Differentially Expressed Gene Sets between Peanut Varieties

To further identify the key genes affecting the differences between the high- and low-oil varieties, DEGs at the same developmental stages were analyzed (Fig. 4a, b). After eliminating the duplicated DEGs, 21,513 and 11,418 DEGs were respectively identified in the Ha vs L and Hb vs L comparisons (Fig. 4a, b), with each gene significantly differentially expressed (i.e., |log2 fold-change|> 1, corrected p-value < 0.05) in at least one period. A subsequent KEGG pathway classification analysis revealed that the 21,513 and 11,418 DEGs included 840 and 503 genes related to lipid metabolism, respectively (Fig. 4c, d, Supplementary Table 3 and Table 4).

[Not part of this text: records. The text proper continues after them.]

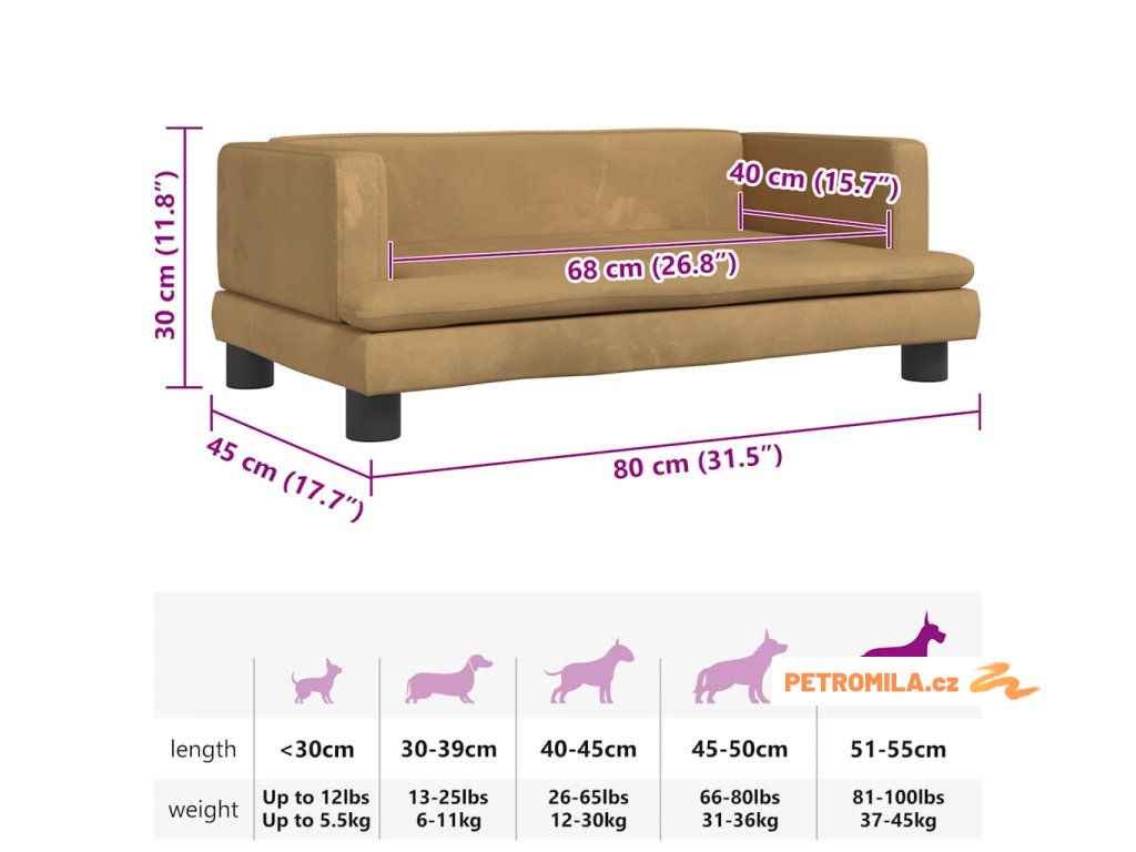 Pelíšek pro psy hnědý 80 x 45 x 30 cm samet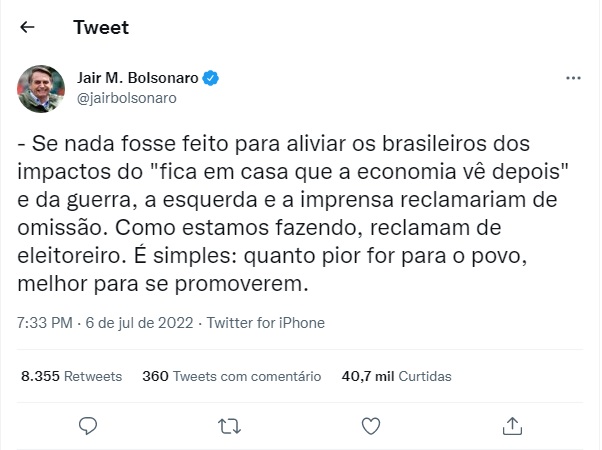 “Se nada fosse feito para aliviar os brasileiros dos impactos do ‘fica em casa que a economia vê depois’ e da guerra, a esquerda e a imprensa reclamariam de omissão. Como estamos fazendo, reclamam de eleitoreiro. É simples: quanto pior for para o povo, melhor para se promoverem”, disse Bolsonaro no Twitter.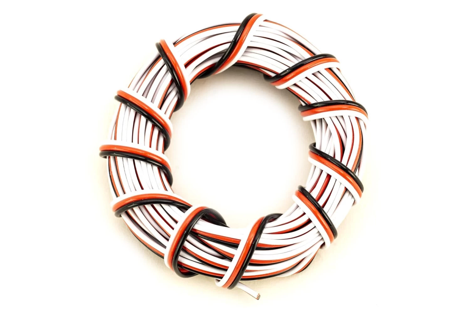 22 Gauge (AWG) Twisted Servo Wire – White/Red/Black (5 Meters) from BenchCraft – BCT5003-012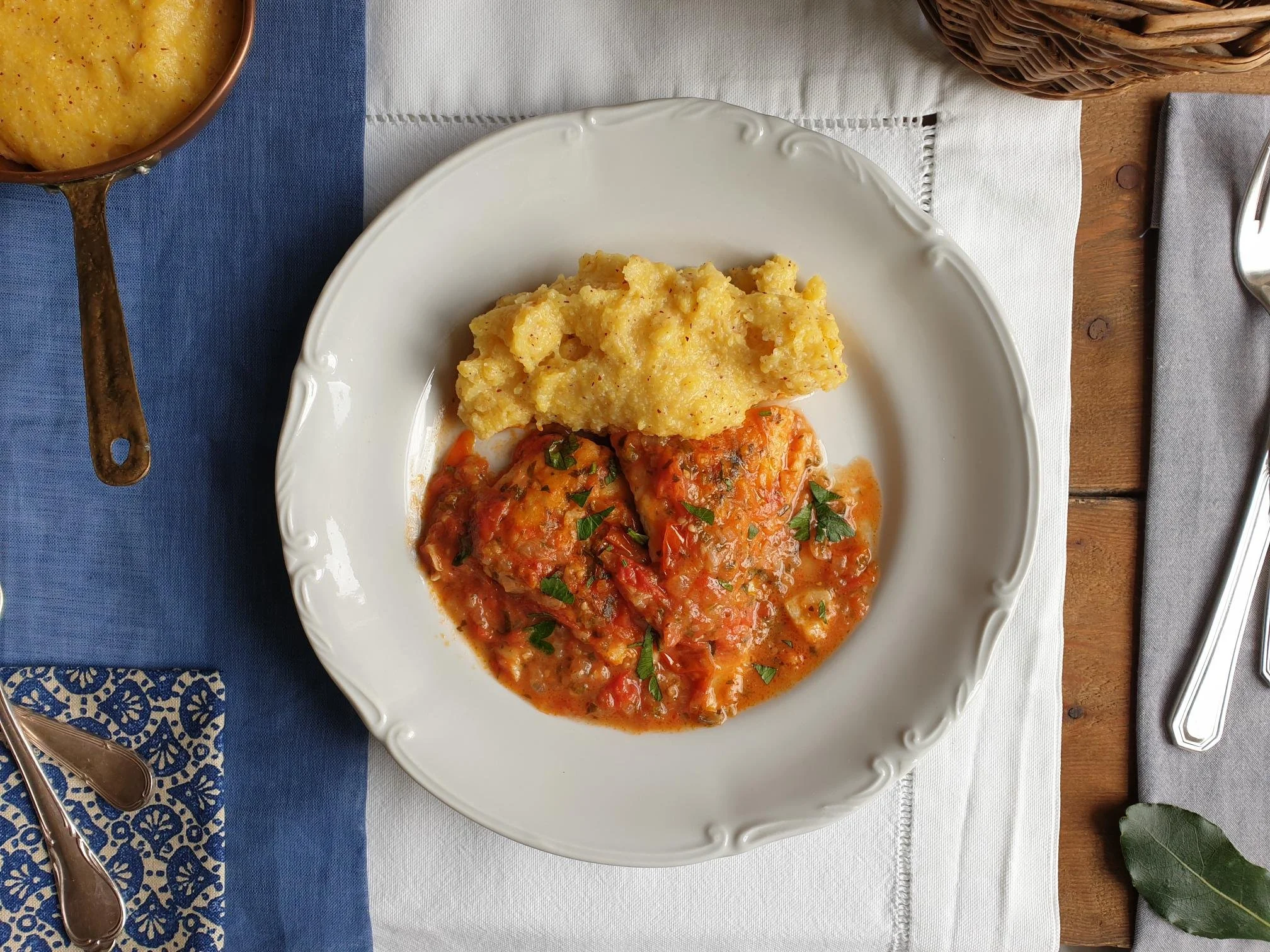 This dish is traditionally served with soft cooked polenta or some crunchy bread to soak up the sauce.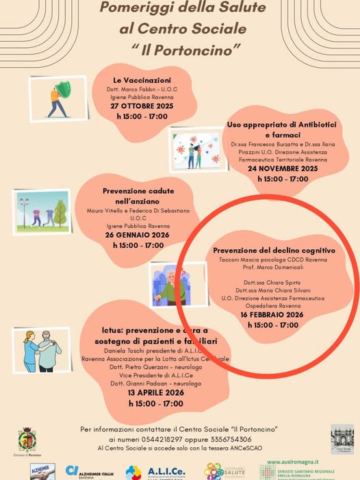 Incontro gratuito sulla prevenzione del declino cognitivo nell’anziano 16 febbraio dalle 15:00 alle 17:00 Centro Sociale “Il Portoncino”Via Portoncino, 4 – RavennaUn’occasione per ricevere consigli pratici e informazioni utili per mantenere la mente attiva e in salute. Info e iscrizioni: 0544 218297 – 335 6754306#SalutePerTutti #Eventi #PromozioneDellaSalute #prevenzioneattivaVi aspettiamo! Lascia una rispostaCancella rispostaIl tuo indirizzo email non sarà pubblicato. I campi obbligatori sono contrassegnati * Nome * Email * Sito web Aggiungi commento * Save my name, email and website in this browser for the next time I comment.Invia commento

A Venn diagram analysis indicated that 376 DEGs (Fig. 4e, Supplementary Table 5) were shared. An additional PPI analysis and screening of 376 DEGs detected 57 highly correlated genes (Supplementary Table 6). A further cluster analysis of the 57 DEGs confirmed that the differences between the high- and low-oil varieties were highly significant (Fig. 5c and Supplementary Table 7). The expression levels of 36 and 21 genes were respectively up- and down-regulated in the high-oil varieties (Ha and Hb), relative to the expression levels in the low-oil variety (L).

Fig. 4
figure 4

Analysis of differentially expressed genes (DEGs) in the comparisons of Ha (W191) vs L (JT1) and Hb (YH15) vs L (JT1). a The number of up- and down-regulated genes in Ha (W191) relative to the corresponding expression levels in L (JT1), at each seed developmental stage. b The number of up- and down-regulated genes in Hb (YH15) relative to the corresponding expression levels in L (JT1), at each seed developmental stage. c KEGG pathway classification of differentially expressed genes in Ha vs L. d KEGG pathway classification of differentially expressed genes in Hb vs L. e Venn diagram analysis indicating 376 lipid-related common DEGs

Fig. 5
figure 5

Expression analysis of 57 lipid-related DEGs in the comparisons at each developmental stage of Ha (W191) vs L (JT1) and Hb (YH15) vs L (JT1). KEGG enrichment analysis of 21 up-regulated a and 36 down-regulated b lipid-related DEGs. Heatmap c of the relative expression of 57 lipid-related DEGs in Ha, Hb, and L at each developmental stage

The enriched Kyoto Encyclopedia of Genes and Genomes (KEGG) pathways among the up-regulated DEGs (Fig. 5a) were as follows: fatty acid biosynthesis (36% of the genes), fatty acid metabolism (36% of the genes), pyruvate metabolism (22% of the genes) and carbon metabolism (16% of the genes). The enriched KEGG pathways among the down-regulated DEGs (Fig. 5b) were as follows: glycerophospholipid metabolism (38% of the genes), fatty acid degradation (24% of the genes), and glycerolipid metabolism (24% of the genes). On the basis of the gene ontology (GO) enrichment analysis of the up-regulated genes (Supplementary Fig. 3a), 53% were enriched in lipid metabolic process (GO:0,006,629), 47% were enriched in lipid biosynthetic process (GO:0,008,610), 31% were enriched in fatty acid biosynthetic process (GO:0,006,633), 36% were enriched in cellular lipid metabolic process (GO:0,044,255), 11% were enriched in acetyl-CoA carboxylase activity (GO:0,003,989). Regarding the down-regulated DEGs (Supplementary Fig. 3b), the top20 enriched GO terms include “lipid catabolic process (GO:0,016,042)”. Overall, the up-regulated DEGs comparing high-oil varieties (Ha and Hb) with low-oil (L) were mainly related to fatty acid biosynthesis and lipid metabolic process, and down-regulated DEGs were not only related to fatty acid biosynthesis and lipid metabolic process, but also related to fatty acid degradation and lipid catabolic process. The expression characteristics of these genes may be responsible for the low oil content of L (JT1). On the basis of these findings, we identified ACCase genes (Arahy.70V125, Arahy.KBA53Y, and Arahy.L14V1E), KASIII gene (Arahy.U0ISBZ), HAD gene (Arahy.KP3Y1K), and ER gene (Arahy.KJ0WPF) as candidate genes involved in determination of the seed oil content.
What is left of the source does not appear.